O século 20, como vários autores têm assinalado, não começa na virada cronológica do ano 1900, mas com a eclosão da Primeira Guerra Mundial e a Revolução Russa. Na esteira vieram tantos outros processos revolucionários. E não existem elementos consistentes para afirmarmos que a era revolucionária tenha chegado ao fim. A menos que concordemos com a tese segundo a qual o desenrolar dos acontecimentos no mundo acabou revelando que os revolucionários que deram certo não foram Marx, Lênin e Mao Tse Tung, mas Milton Friedman, Ronald Reagan e Margaret Thatcher. Essa assertiva só é aceitável para quem desconhece a máxima de Joseph Goebbels, o homem da propaganda de Adolf Hitler, para quem uma mentira repetida mil vezes se transformava em verdade inconteste.

 

Essa discussão histórica ainda permeia a luta política no Brasil. Felizmente, não passamos pelas conversões em massa de socialistas ao liberalismo, como ocorreu na Europa — algo que reproduziu em cada país o drama bíblico da conversão de Saulo na estrada de Damasco.

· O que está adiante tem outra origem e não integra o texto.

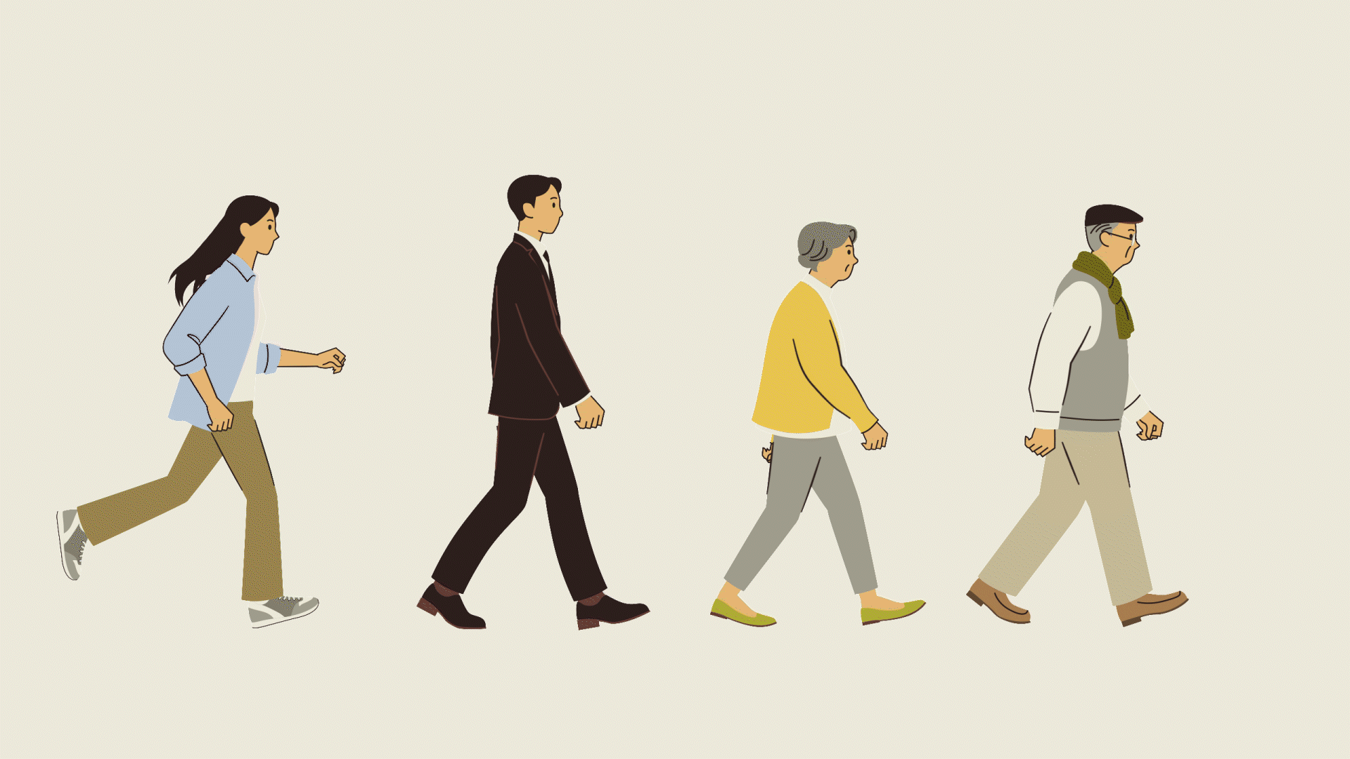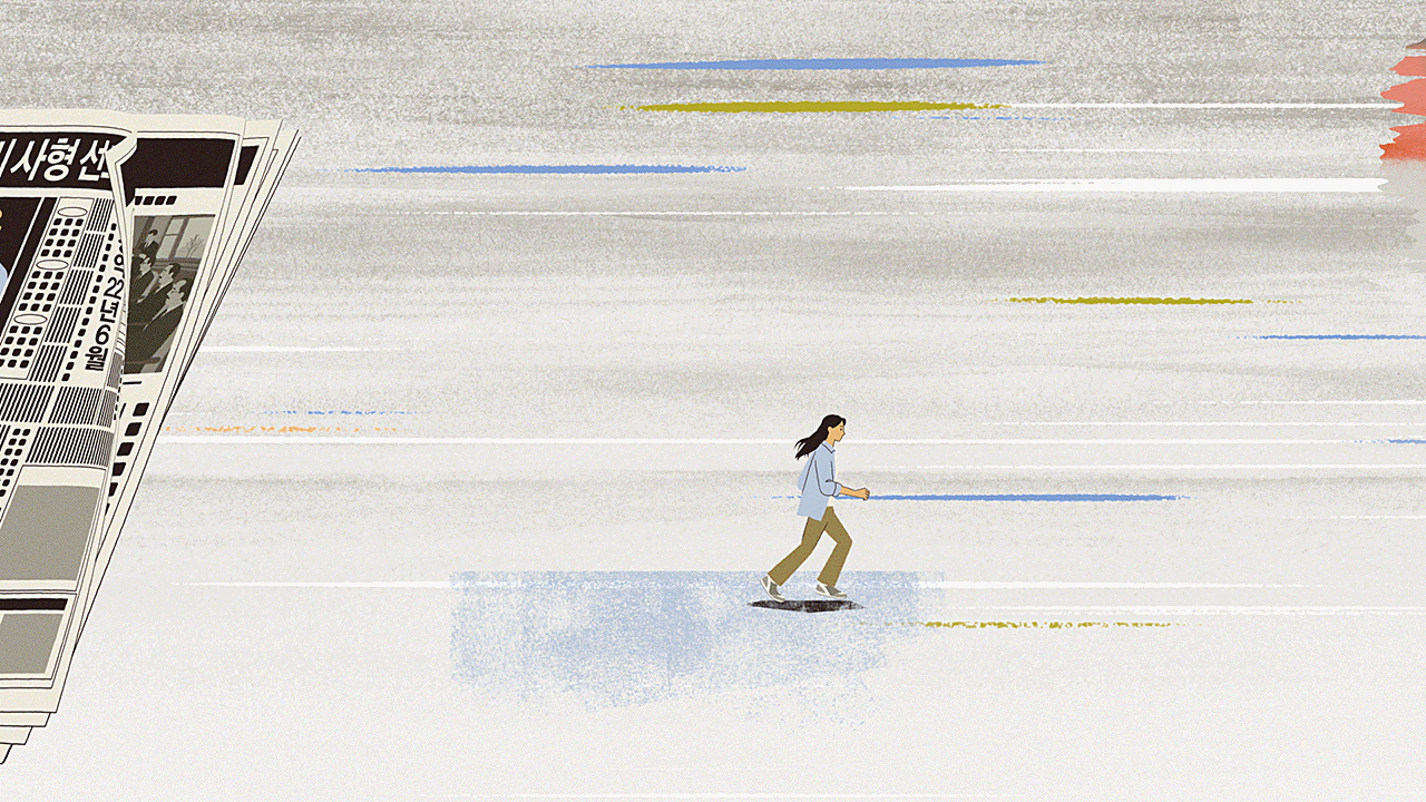 대한민국 국민을 상징하는 다양한 연령대의 캐릭터들이 시대를 넘어 끊임없이 앞으로 나아가는 모습을 통해
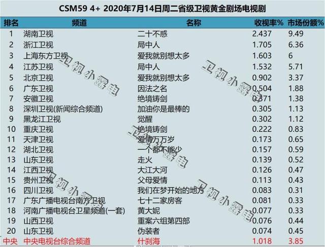 7月14日,电视剧《二十不惑》在正式开播,开局成绩让各方面皆大欢喜,收视率逆流而上,一反之前的颓势,打败《局中人》《爱我就别想太多》等同档热播剧,助芒果台杀了一个久违的回马枪,笑得合不拢嘴。
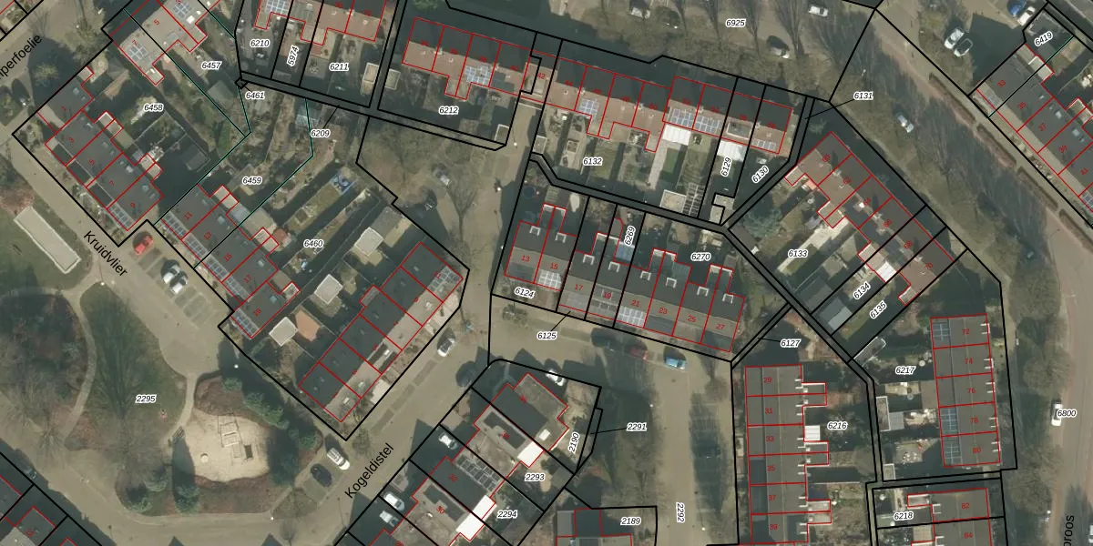 Kogeldistel 15 is gelegen op kadastraal perceel VRY00T6124. Deze kadastrale aanduiding is uniek en wordt gebruikt door het Kadaster om eigendomsrechten en andere zakelijke rechten vast te leggen. Het perceel maakt onderdeel uit van de kadastrale gemeente Venray.
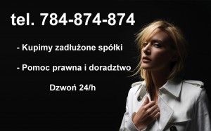 Kupię przejmę zadłużoną spółkę z ograniczoną odpowiedzialnością lub akcyjną w absolutnie każdej sytuacji: finansowej , księgowej , leasingowo, kredytowej , pracowniczej , sądowej , upadłości, likwidacji , dla nas nie ma trudnych sytuacji . Notarialne odkupienie udziałów, akcji zmiana zarządu , siedziby oraz nazwy . Wszystko to z dnia na dzień w 24 godziny tel.784-874-874 lub www.spolki.biz
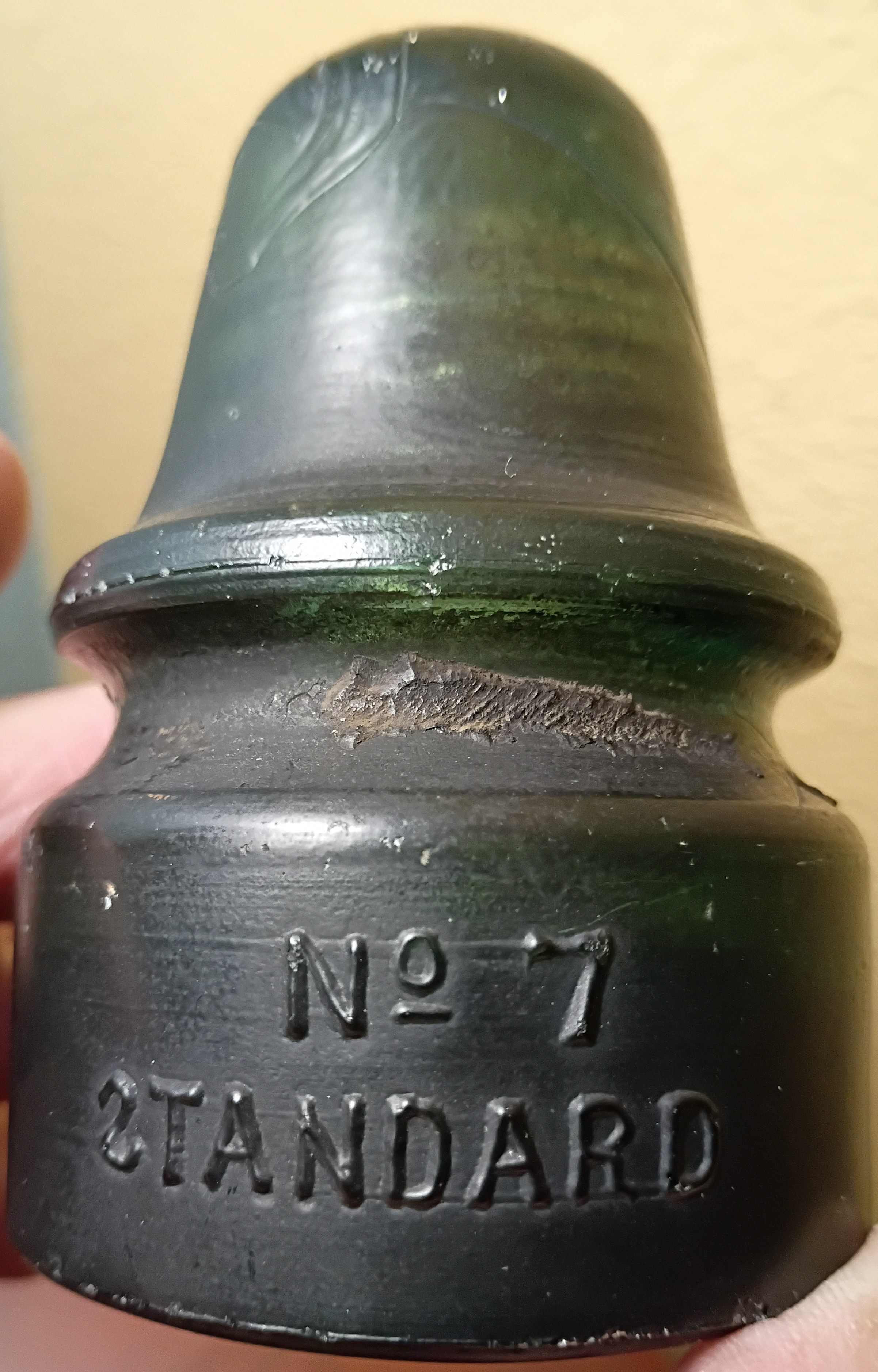Here's a great Standard No. 7. There is a backward S.....and it doesn't appear as a S at all, but looks more like the hook out of a rubber strap or something. Also there appears to be a period attached to the end of the crossbar in the # 7. Pretty strange There is a tiny day one notchlike chip at the wireridge on the mold line. and a bb ding on dome. 20 plus S&H as-found, uncleaned |
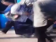 Tramvay durağında beklerken top sektirmeye başlayan teyze izleyenleri şaşırttı.
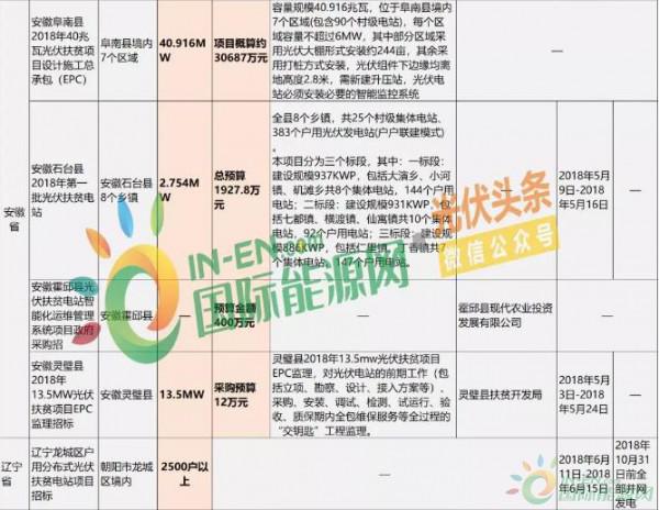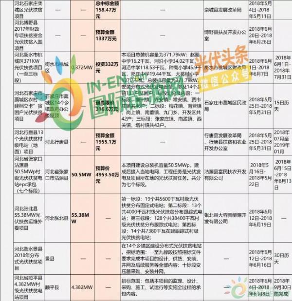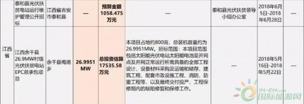 3)在531光伏新政之后,吉林省、河北省、山东省、山西省、甘肃省、辽宁省、江西省、河南省、青海省共9个省、26个光伏扶贫项目的获取招标文件时间定在光伏新政之后的6月份,预计建设规模约为242.1MW,投资/预算约为6.4亿元。
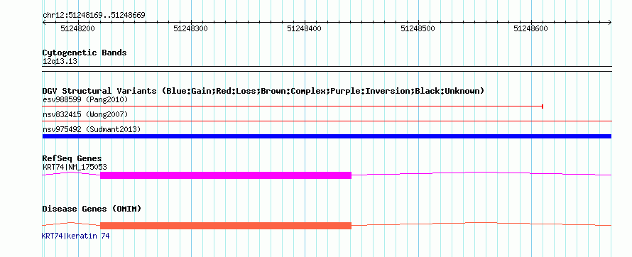 Variant DetailsVariant: nsv975492| Internal ID | 18264014 | | Landmark | | | Location Information | | | Cytoband | 12q13.13 | | Allele length | | Assembly | Allele length | | hg38 | 501 | | hg19 | 501 | | hg18 | 501 |
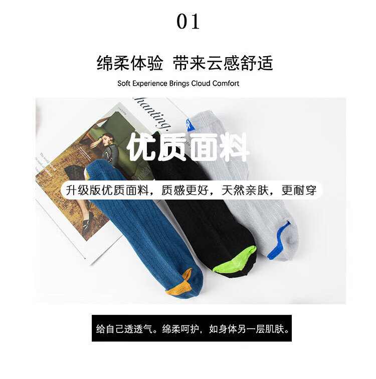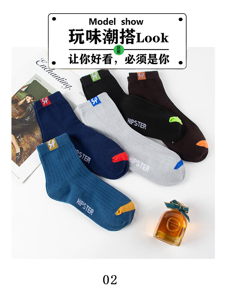 【甄选好物】袜子男士中筒春秋款吸汗防臭运动夏季男生商务长袜耐 【颜色随机】 5双
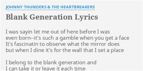 Lyrics Blank Generation. Even born, it's such a gamble when you get a face. I was sayin', let me out of here, before i was.

Debaixo dos gritos dos liberais, as forças progressistas vão saindo de um longo período de defensiva. Esse fenômeno só é possível porque os fatores políticos e sociais se somaram aos dados da ordem econômica vigente. Os esforços para entender essa nova realidade avançam para um sentido estratégico. As forças desenvolvimentistas estão reconquistando e desenvolvendo, pela luta, os fundamentos do seu programa. A perspectiva progressista conquista espaços práticos e teóricos mas só um desenvolvimento real das lutas sociais dará forma política a essa nova realidade. O processo é simples. E urgente.

 

Uma resposta para Tarso Genro e o socialismo liberal

  1. Luiz Augusto Rodrigues

    O principio fundamental do ser humano, adotado pelos existencialistas, é a liberdade. Eles não tratam da liberdade coletiva. O ser humano é coexistencial. Não existirá socilaismo liberal, a menos que a expressão liberal signifique uma identidade coletiva com a liberdade material. Ainda busco os contornos da superação do capitalismo, mas gosto de ler o Tarso. Ele instiga e, essencialmente, é sincero. A construção de de uma teoria real para uma nova sociedade passa pela elaboração filosófica de intelectuais da estatura do Tarso.